** ACTIVITY **
From the listing below, restate word for word the lines from the line containing "Download or print" down through the line containing "国立大学法人岡山大学(本部:岡山市北区、". Exclude pictures.

** GIVEN RECORDS **

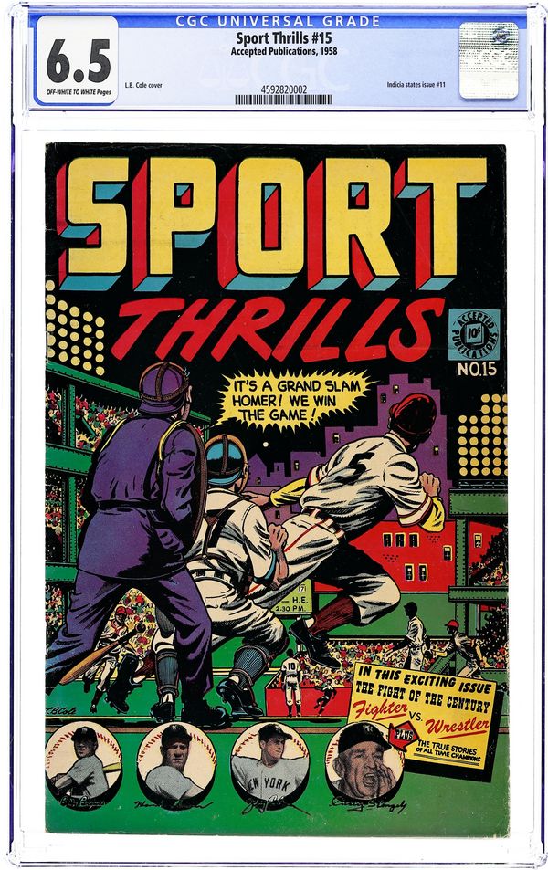 Cover by L. B. Cole. Numbering continues from Dick Cole (1949 Curtis/Star) #10. True-life tales of sporting greats, reprinted from Star Publications. Legendary ball player Ted Williams established records that remain today, and is regarded as one of the greatest hitters in baseball history. Early player Ty Cobb's combined total of 4,065 home runs is also a record that lasts for decades. Ted Williams; Ty Cobb. 32 pages, Full Color. Cover price $0.10.
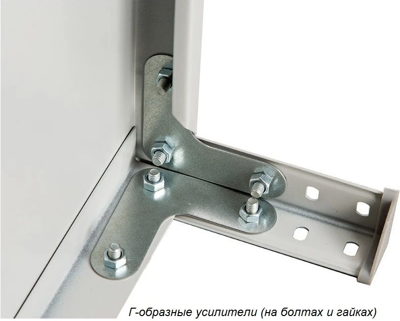 - Рекомендуется использовать дополнительные усилители ребра полки (повышают нагрузку на полку до 160 кг). Устанавливать, начиная с нижней полки.
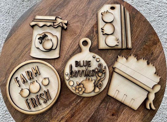 The 3D Blueberry Tiered Tray includes 5 pieces (Blueberry jam, Blueberry tag, container of blueberries, farm fresh blueberries, blueberry with flower sign)
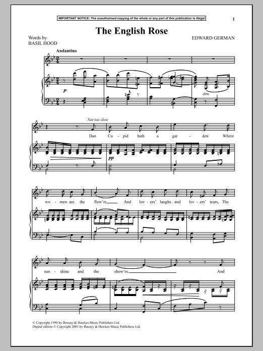 Download or print Edward German The English Rose sheet music, chords and digital score arranged for Piano & Vocal. This Folk score includes 5 page(s).
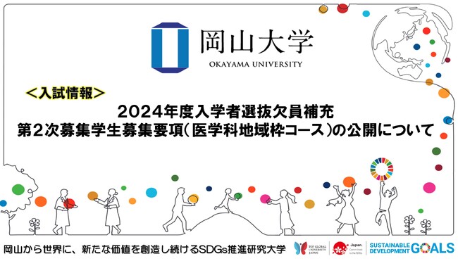 国立大学法人岡山大学(本部:岡山市北区、学長:那須保友)では、2024年度入学者選抜欠員補充第2次募集学生募集要項(医学科地域枠コース)について、以下のとおり公開しました。
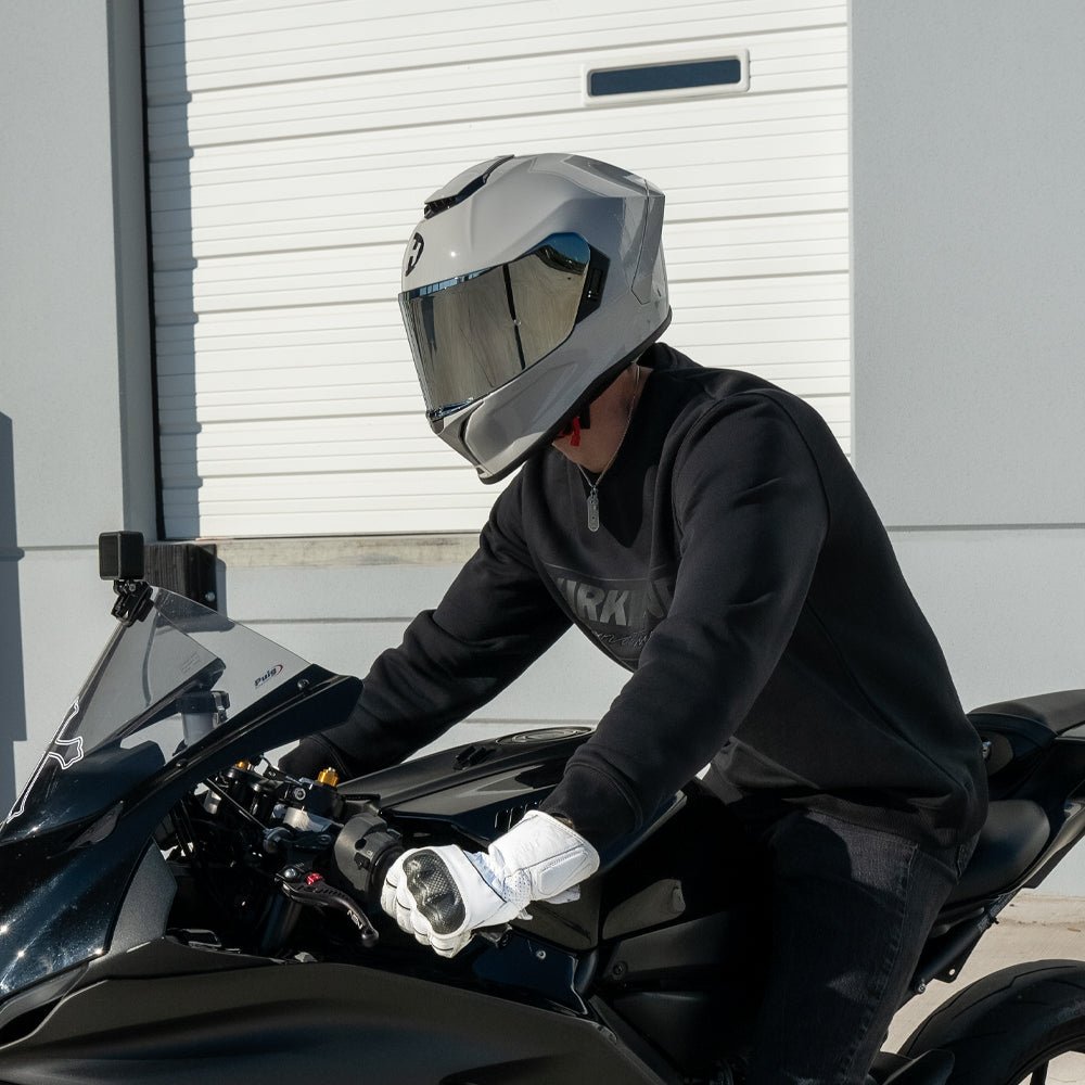 Our D.O.T. And ECE Daytona Viper Helmet, With Inner Anti-Scratch Retractable Smoke Shield, In Cool Grey, Meets And Exceeds D.O.T. FMVSS 218 And ECE 22R06 Standards. With 2 Different Shell Sizes, You’re Sure To Get That Proportionate Fit!! Features A Dual Shield System; Outer Anti-Scratch Clear Shield With Pinlock 120 Lens (Anti-Fog) And Inner Anti-Scratch Retractable Smoke Shield. Also Has A Quick Release Lock Retention System; One Finger Release Lever For Easy Detachment, Passive Chin And Forehead Ventilation, And A Removable, Hand Washable Interior (Moisture Wicking Fabric). Bluetooth Compatible. Cloth Draw String Bag Included. Sizes Range From XS-2XL.
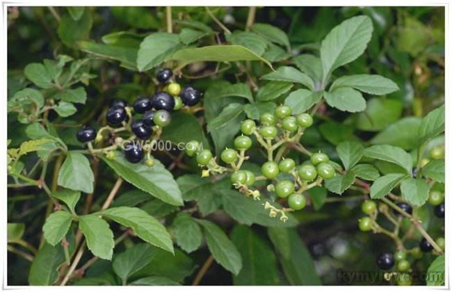 形态特征:茎圆柱形,扭曲,有纵棱,多分枝,带紫红色;卷须二歧分叉,与叶对生。叶皱缩;展平后为鸟足状复叶,小叶5,椭圆形、椭圆状卵形至狭卵形,边缘具疏锯齿,两面中脉有毛茸或近无毛,中间小叶较大,有长柄,侧生小叶较小;叶柄长可达4cm以上。浆果卵圆形,成熟时黑色。气微,味苦、涩。
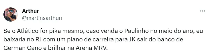 “Acho que ninguém (está preparado para perder Paulinho). O que eu posso afirmar é que nós não tivemos nenhuma proposta nesse momento. A gente sabe que a janela europeia de janeiro não é a mais favorável para transações. Agora, te falar que lá no meio do próximo ano, se vier uma proposta irrecusável, dessa forma que a gente tem que tratar, porque é um jogador de altíssimo nível, jovem, seleção brasileira e artilheiro do Campeonato Brasileiro”, explicou Caetano.
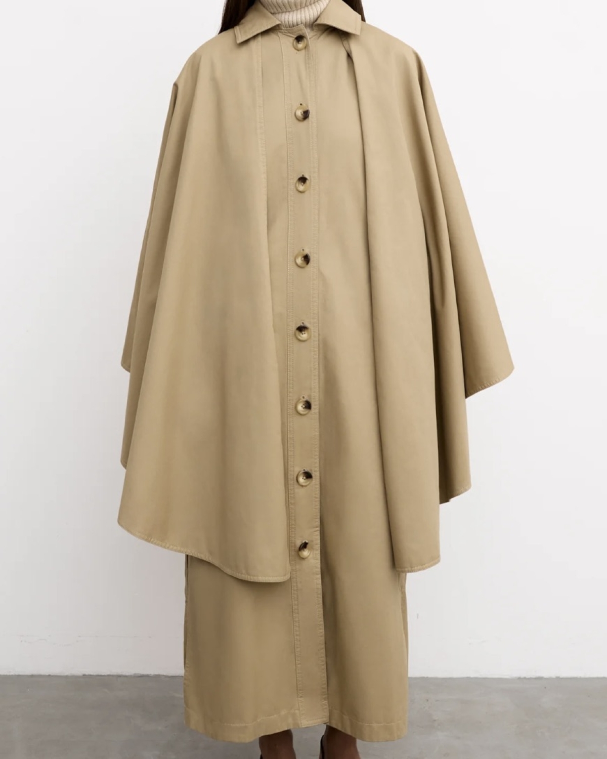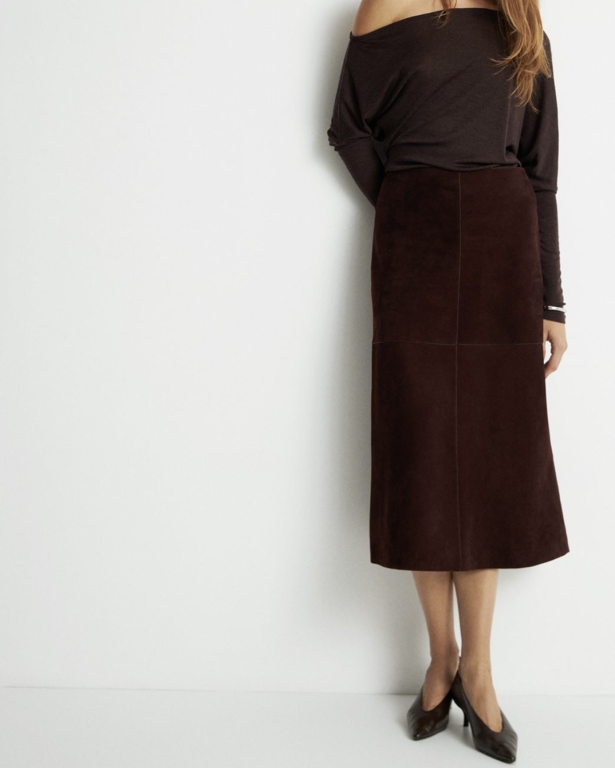 Шерстяное пончо Chaika; замшевая юбка Lime

** ANSWER SPACE **
 Download or print Edward German The English Rose sheet music, chords and digital score arranged for Piano & Vocal. This Folk score includes 5 page(s).
 国立大学法人岡山大学(本部:岡山市北区、学長:那須保友)では、2024年度入学者選抜欠員補充第2次募集学生募集要項(医学科地域枠コース)について、以下のとおり公開しました。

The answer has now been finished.